EXERCISE DETAILS ▸ Repeat every line of the data exactly; the pictures stay out.

COLLECTED MATERIAL ▸

■ ■ ■

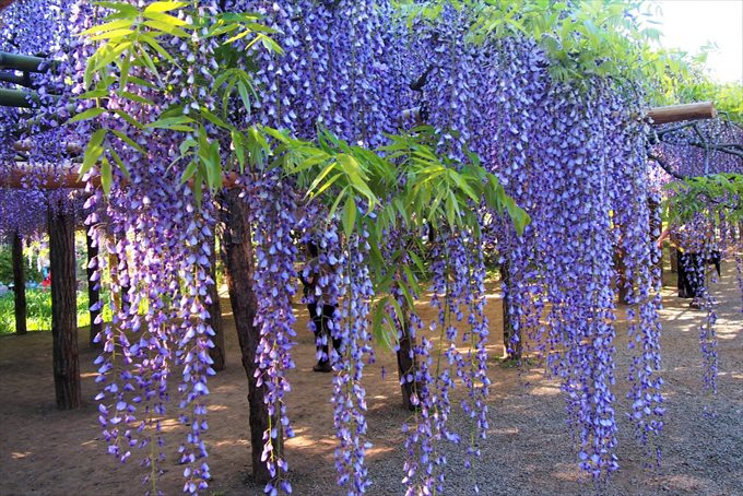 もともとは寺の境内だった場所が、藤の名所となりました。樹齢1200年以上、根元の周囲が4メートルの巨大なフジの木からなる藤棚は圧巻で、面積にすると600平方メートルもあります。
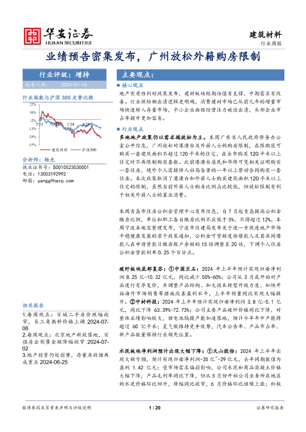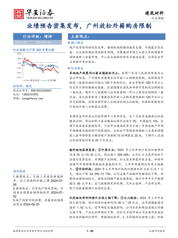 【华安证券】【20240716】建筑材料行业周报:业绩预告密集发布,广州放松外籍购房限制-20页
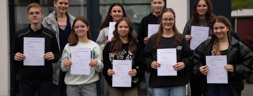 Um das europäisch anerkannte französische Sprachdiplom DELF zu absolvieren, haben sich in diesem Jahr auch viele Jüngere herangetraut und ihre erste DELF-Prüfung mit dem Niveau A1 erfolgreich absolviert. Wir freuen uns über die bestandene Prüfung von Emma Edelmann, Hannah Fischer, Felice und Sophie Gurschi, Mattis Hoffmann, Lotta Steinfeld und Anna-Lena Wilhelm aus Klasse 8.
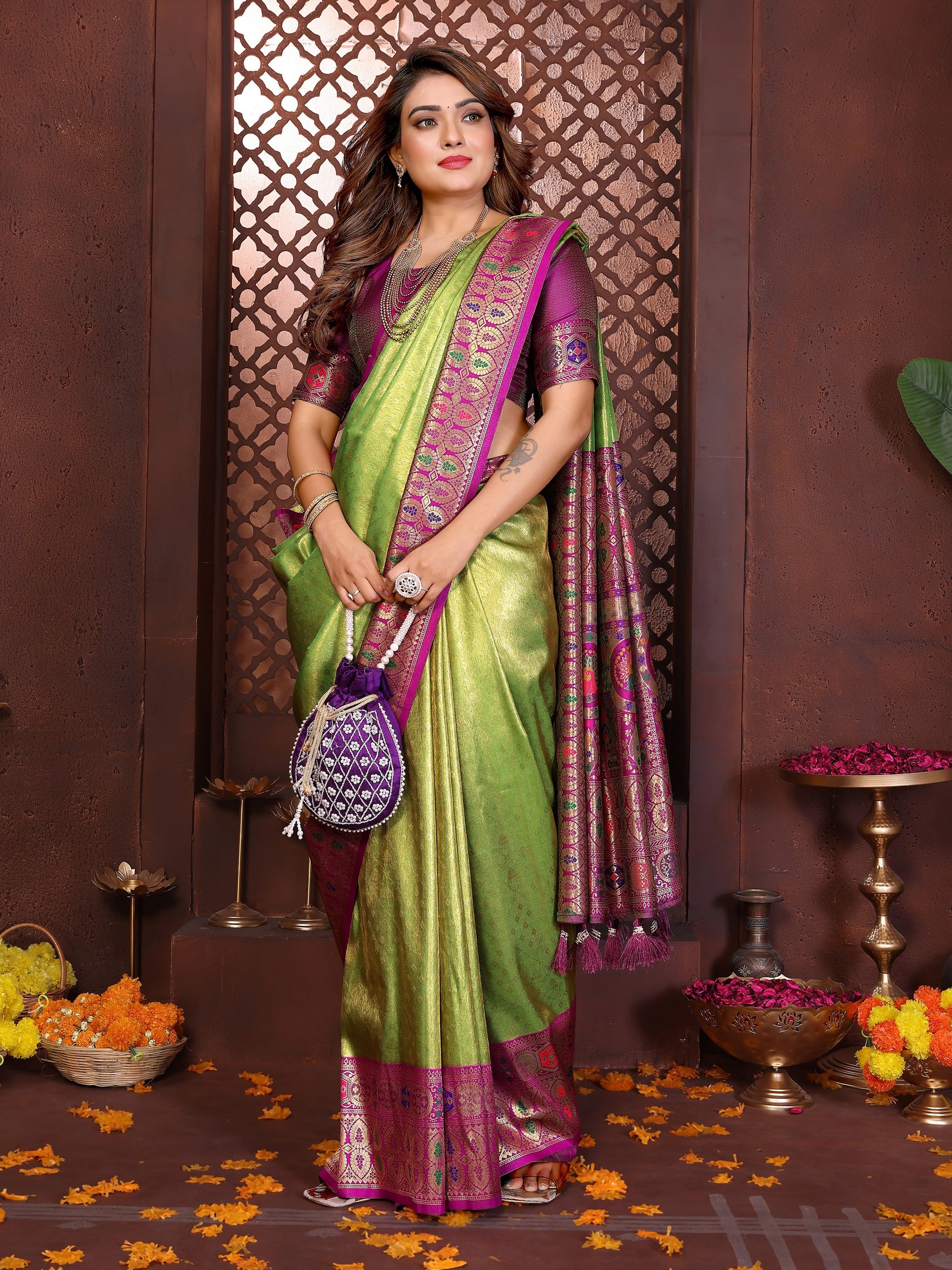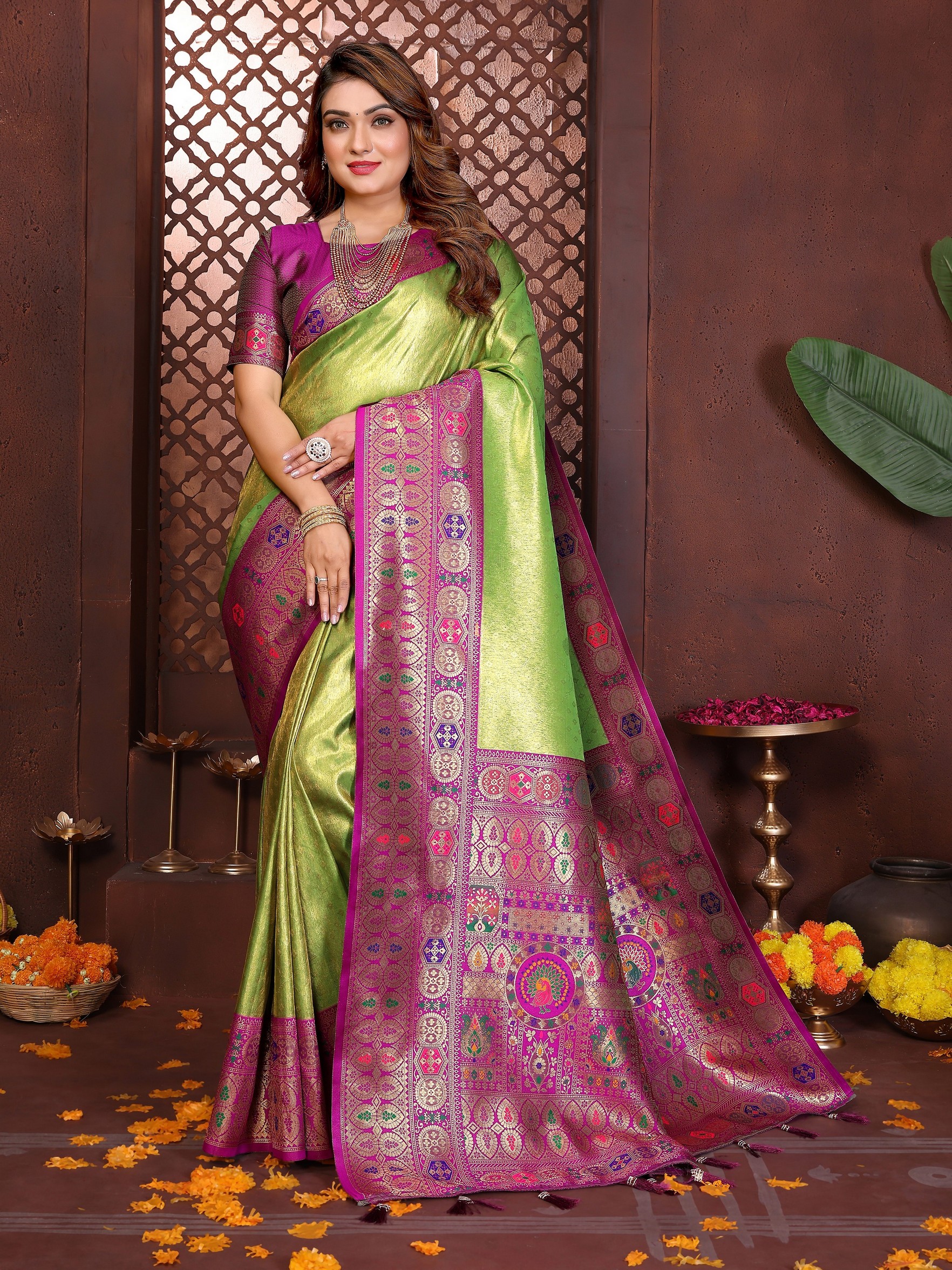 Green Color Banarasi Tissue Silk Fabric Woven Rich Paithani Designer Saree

■ ■ ■

WRITTEN SOLUTION ▸
 もともとは寺の境内だった場所が、藤の名所となりました。樹齢1200年以上、根元の周囲が4メートルの巨大なフジの木からなる藤棚は圧巻で、面積にすると600平方メートルもあります。
 【华安证券】【20240716】建筑材料行业周报:业绩预告密集发布,广州放松外籍购房限制-20页
 Um das europäisch anerkannte französische Sprachdiplom DELF zu absolvieren, haben sich in diesem Jahr auch viele Jüngere herangetraut und ihre erste DELF-Prüfung mit dem Niveau A1 erfolgreich absolviert. Wir freuen uns über die bestandene Prüfung von Emma Edelmann, Hannah Fischer, Felice und Sophie Gurschi, Mattis Hoffmann, Lotta Steinfeld und Anna-Lena Wilhelm aus Klasse 8.
 Green Color Banarasi Tissue Silk Fabric Woven Rich Paithani Designer Saree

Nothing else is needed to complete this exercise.